First, prices are falling to the levels where people are motivated to buy and sellers are motivated to dump properties.  Second, the Government has made a sweet deal with the federal tax credits good until the end of this year.  There is a huge fly in the ointment.  Prices are continuing to fall. In addition, there is a tremendous number of homes for sale or supply on the market.  This supply will keep prices low.  People are only looking for bargains.

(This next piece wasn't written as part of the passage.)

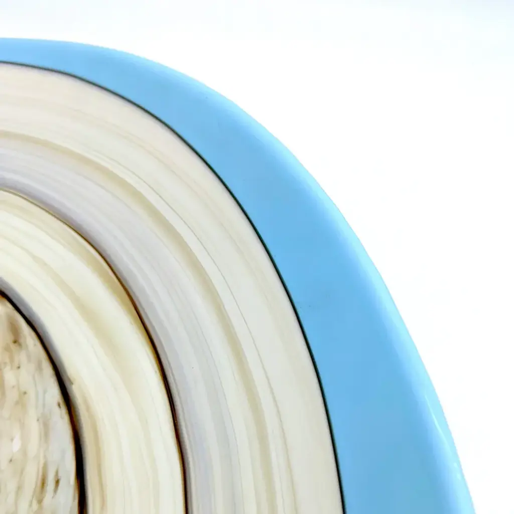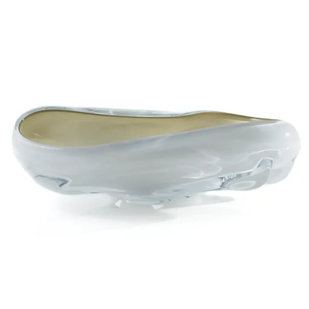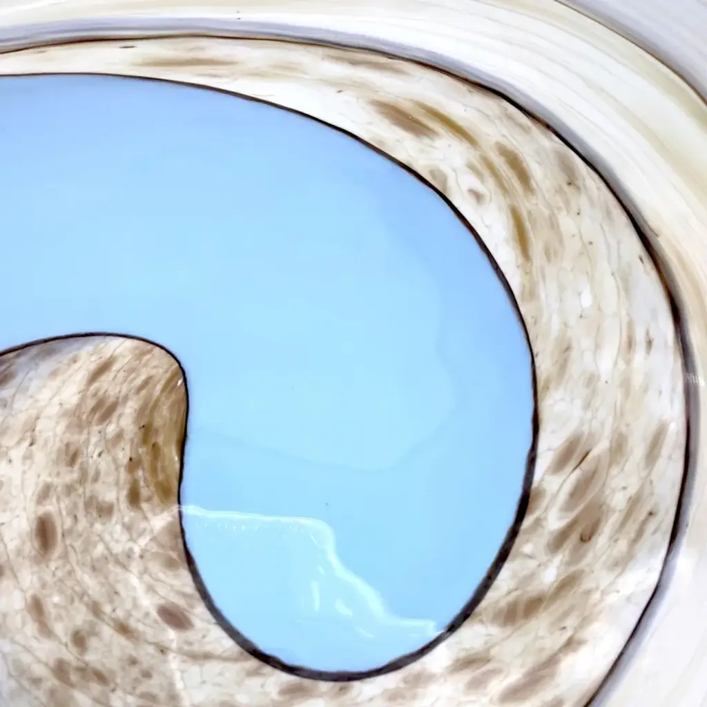 Add a stunning touch of modernity to your dining table with the CAMPIEO ivory blue Murano glass plate, featuring a bent shape and captivating design. Whether you're looking for an elegant addition to decorate your dining room or an original Venetian glass gift idea to amaze someone, these decorative fruit plates in Venetian glass are the perfect solution! Find the perfect match for your home and create a truly unique and original interior design. All our products are handcrafted and of the highest production quality. Non-substantial variations in shape, size, color, and/or minor imperfections are inevitable and are typical of manual glasswork, highlighting the artisanal craftsmanship.
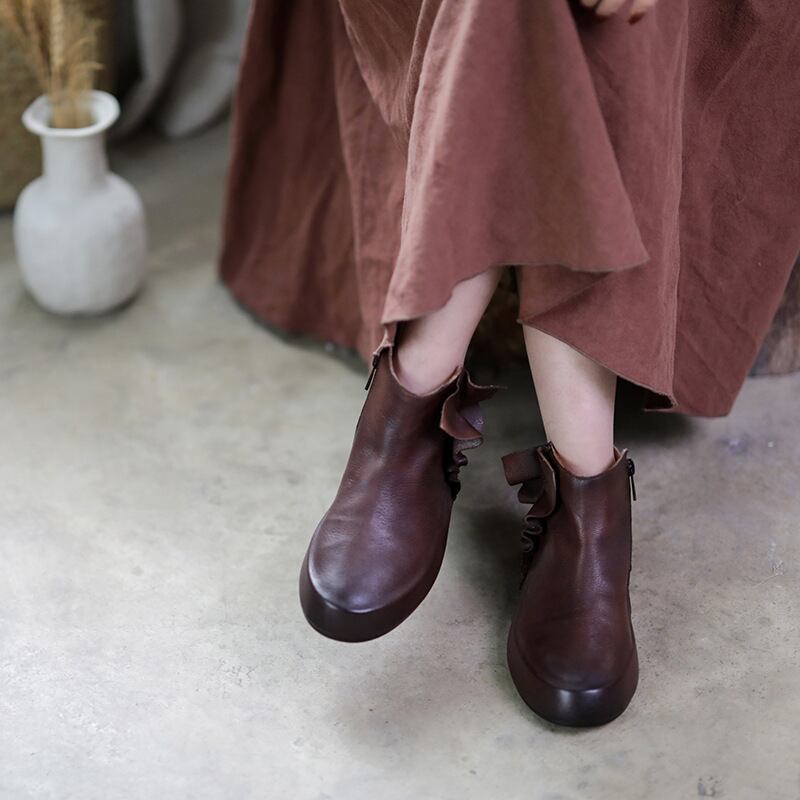 レザーサイドジッパースタンダードレースショートブーツオータムウィンター 靴 シューズ レトロ 秋物 冬物 Yiranxuaディースワード69277994491

Plus, banks have thousands of homes on their books that they have yet to send to auction. 

In order to say we have bottomed, there is one area that has to get better.  The foreclosure crisis has to start to bottom out.  Here was the latest from Realtytrac who keeps up with the foreclosure crisis.

“RealtyTrac® (realtytrac.com), the leading online marketplace for foreclosure properties, today released its Q2 2008 U.S. Foreclosure Market Report™, which shows foreclosure filings were reported on 739,714 U.S. properties during the second quarter, a nearly 14 percent increase from the previous quarter and a 121 percent increase from the second quarter of 2007. The report also shows that one in every 171 U.S. households received a foreclosure filing during the quarter.”

Let’s backtrack for a second and look at what created these foreclosures.  It all comes down to the adjustable rate mortgage.  Starting in 2007, adjustable rate mortgages starting coming due for 100,000’s of subprime homeowners, causing the beginning of the foreclosure crisis.  Those peaked in the first quarter of 2008.  Through 2008 and into 2009, those adjustable rate mortgages subsided. 

However, now all of the other types of adjustable rate mortgages will start coming due and this cycle will not peak until 2012.  It is a much bigger cycle.  To assume that the housing market has bottomed would be to assume that there will not be a problem with all of these ARM’s that will reset over the next 2 to 3 years.  It is a big assumption. 

This is pretty typical.  The minute the data starts to be positive, economists declare the worst is behind us.  I would describe right now as a period that is in between 2 crises.  Unfortunately, I think that the second wave of crisis might be worse than the first.  Round two involves more housing foreclosure and the upcoming crisis in commercial properties.

Follow up from Last Week

I wrote about the similarity between the first major stock market rebound in 1929 and today.  If you have not read last week’s post, go back and read it so this makes sense.  We are now tracking almost identically in time (146 days) and gain (46% rise).  It will be interesting to see what happens from here.